A Liquid Asset is a kind of asset that is easily convertible into cash in a short time. Cash, marketable securities, and money-market instruments are great examples of liquid assets.
Both Individuals and businesses are concerned about tracking their liquid assets as a share of their net worth.
Cash is the best option for any individual or a business in terms of liquidity. That’s why easily convertible assets are considered close to cash. In the time of need, these assets can easily be converted into cash for necessary transactions.
Conditions to Qualify as Liquid Asset
A few conditions determine whether an asset is a liquid or not and they are -
- Price stability (The established market of that asset)
- Ready marketability (A large number of readily available buyers in that market)
- Reversibility (Transfer of ownership must be secure and easily facilitated)
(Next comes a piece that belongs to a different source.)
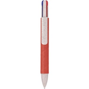 Újrahasznosított kartonból és szalmából készült négyszínű golyóstoll. Kb. 300 méter íráshossz színenként. Tollbetét színek: kék, fekete, piros és zöld.
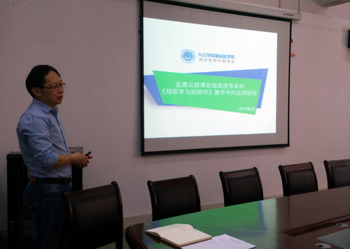 6月16日上午,基础医学院在浔东校区华文楼105实验室举行2017年校级教改课题《蓝墨云班课在临床医学本科组织胚胎学教学中的应用研究》开题报告会。会议邀请了专家评委6人,基础医学院郑美蓉教授担任专家组组长,专家组成员包括何巍、周许峰、梅钧、吴建芳、范文燕老师,课题组成员参加了开题报告,会议由教研科牛力副科长主持。

The time to convert the asset into cash will vary depending on the asset and the market associated with it.
Examples of liquid assets are cash or currency, bank accounts, accounts receivable, mutual funds, money market accounts, stocks, treasury bills, notes, and bonds, certificates of deposit, prepaid expenses, and retirement investment accounts.
Companies can also search for liquid assets with a cash conversion expectation of one year or less. These assets are collectively considered the company's current assets. This broadens the definition of liquid assets to include accounts receivable and inventory.
Overall, liquid assets are critical for individuals and businesses because they are the first source of cash used to meet payment obligations.
Use of this Term in a Sentence
- Cash and securities are two of the more popular and widely used liquid assets.
- Because of the flexibility to convert liquid assets into cash on short notice, these assets are often considered very similar to cash.